Step 1 :We are given that the sample size is 2323 and the number of successes (people who have donated blood) is 423. We can calculate the sample proportion $p$ as the number of successes divided by the sample size.
Step 2 :Let's denote the sample size as $n$ and the number of successes as $x$. So, $n = 2323$ and $x = 423$.
Step 3 :The sample proportion $p$ is calculated as $\frac{x}{n} = \frac{423}{2323} = 0.182$ (rounded to three decimal places).

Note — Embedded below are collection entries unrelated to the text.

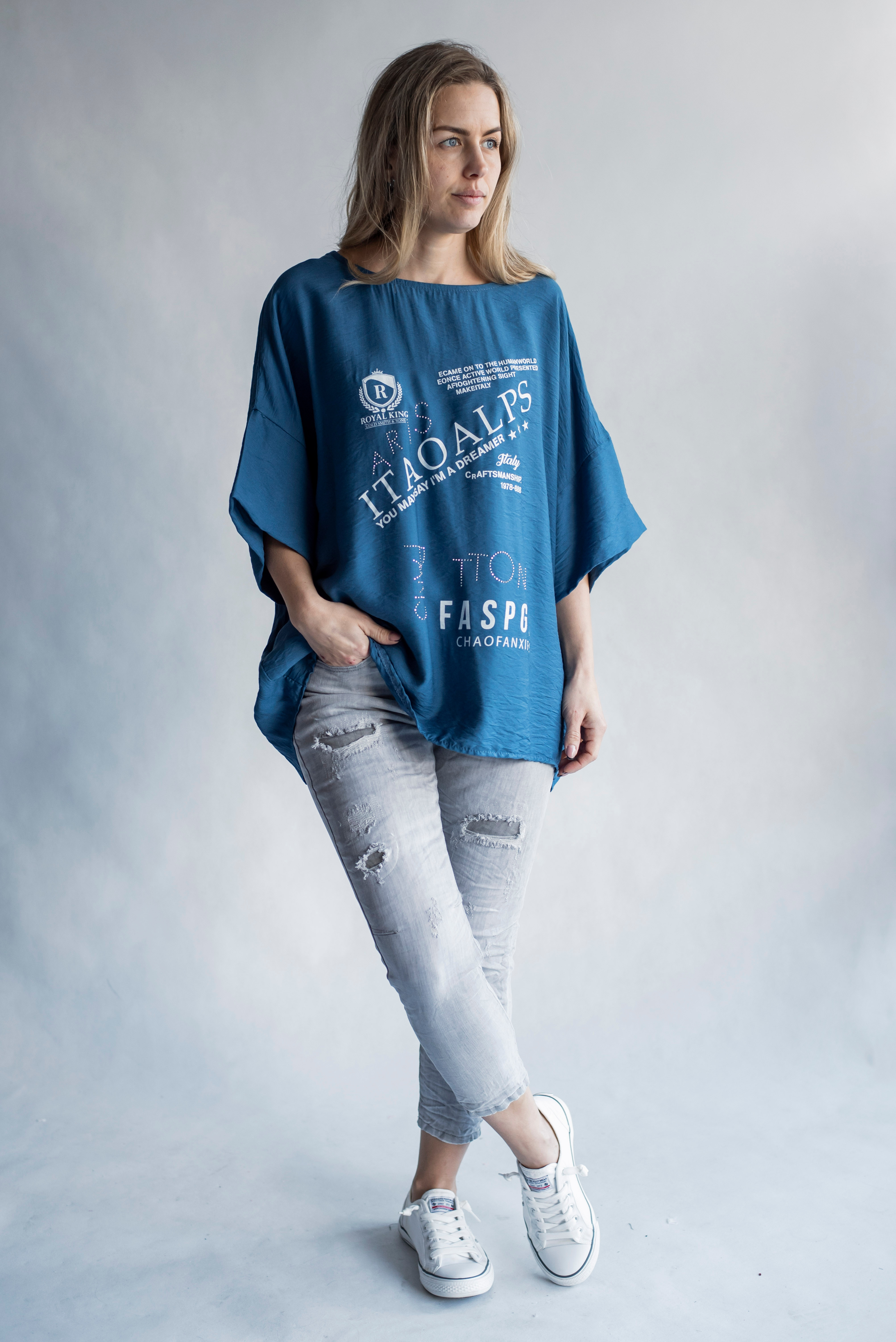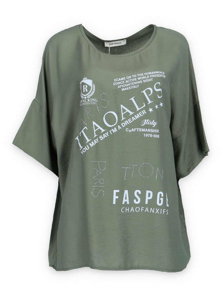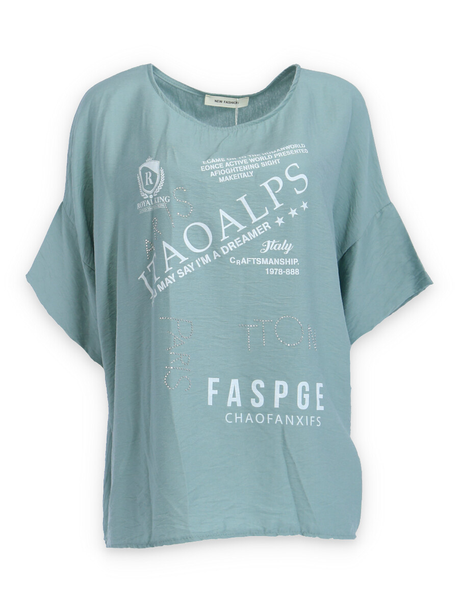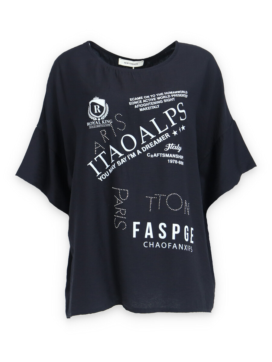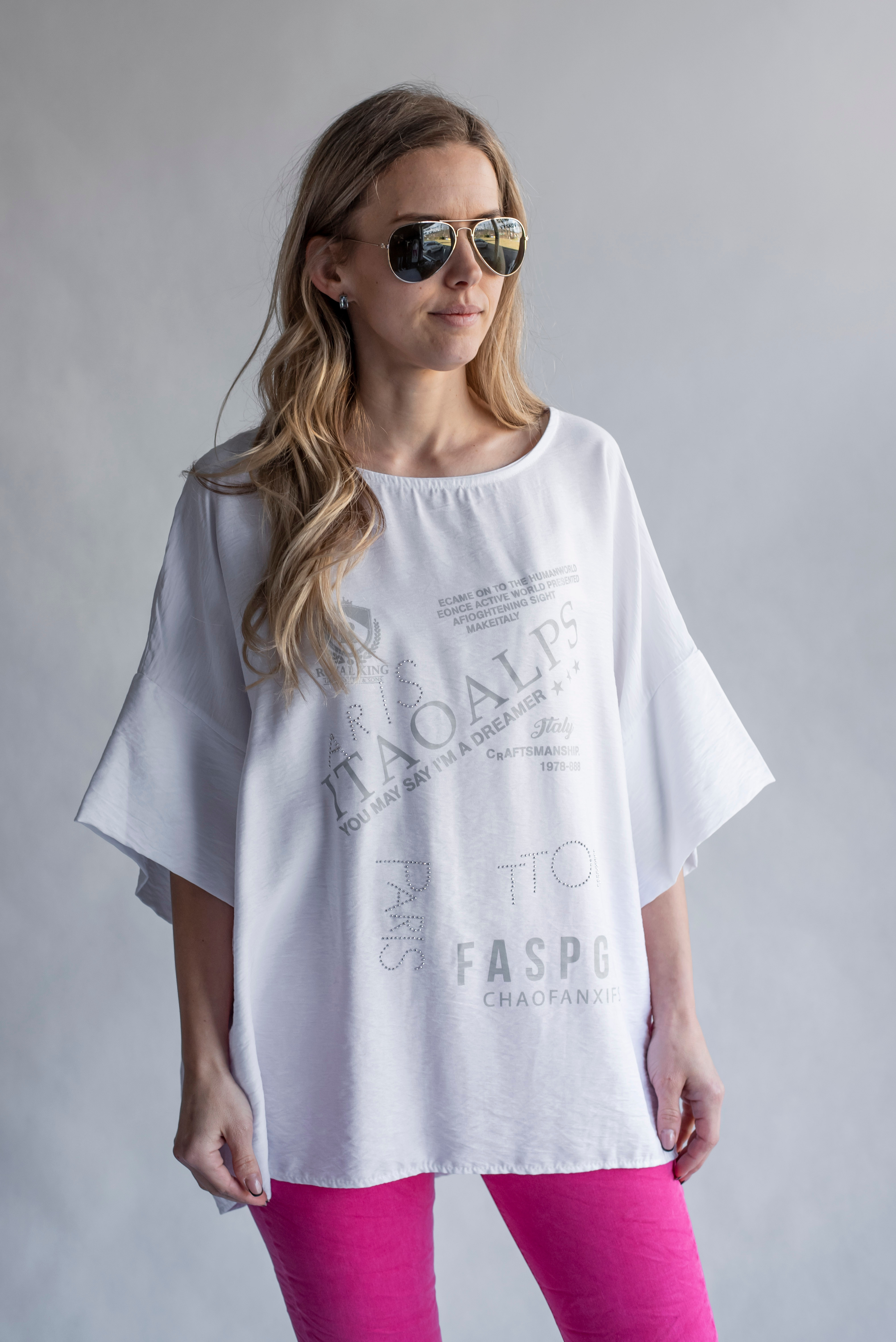 Halenka s potiskem, dlouhý rukáv, stažením na boku ve spodní části , dovoz Itálie
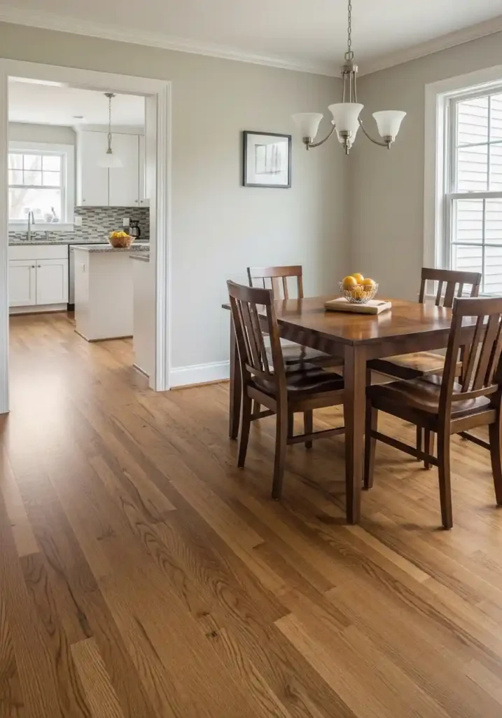 Continuous flooring — the same material, the same finish, the same color, and the same laying direction running without interruption from your small dining room into every adjacent space visible through open doorways — is the most powerful free spatial upgrade available to anyone planning a floor renovation or starting from scratch in a new home. When the dining room floor visually connects to the hallway floor, the kitchen floor, and the living room floor without any transition strip, threshold, or material change interrupting the visual flow, the dining room appears to exist within a much larger spatial whole rather than as a self-contained small room with defined and limiting edges. The eye borrows the visual space of the connecting rooms and the dining room feels genuinely larger as a result.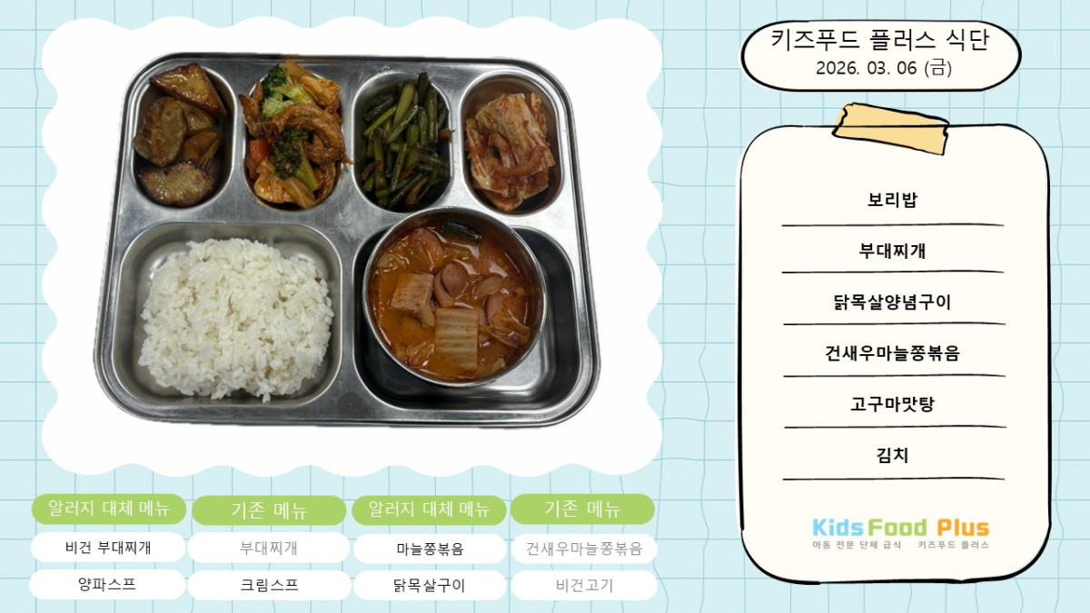 2026년 3월 6일 금요일 페이지 정보 목록 본문 2026년 3월 6일 금요일 이전글2026년 3월 9일 ~ 13일 식단 안내 26.03.06 다음글2026년 3월 5일 목요일 26.03.05 댓글 0 댓글목록 등록된 댓글이 없습니다.

Step 4 :To verify the requirements for constructing a confidence interval about $p$, we need to check the following conditions: The sample is a simple random sample and the sampling distribution is approximately normal. This condition is satisfied if both $np$ and $n(1-p)$ are greater than or equal to 10.
Step 5 :Let's calculate $np$ and $n(1-p)$: $np = 2323 \times 0.182 = 423$ and $n(1-p) = 2323 \times (1-0.182) = 1900$.
Step 6 :Both $np$ and $n(1-p)$ are greater than 10, so the sampling distribution is approximately normal. The sample is a simple random sample as stated in the problem.
Step 7 :\(\boxed{\text{Therefore, the requirements for constructing a confidence interval about } p \text{ are satisfied.}}\)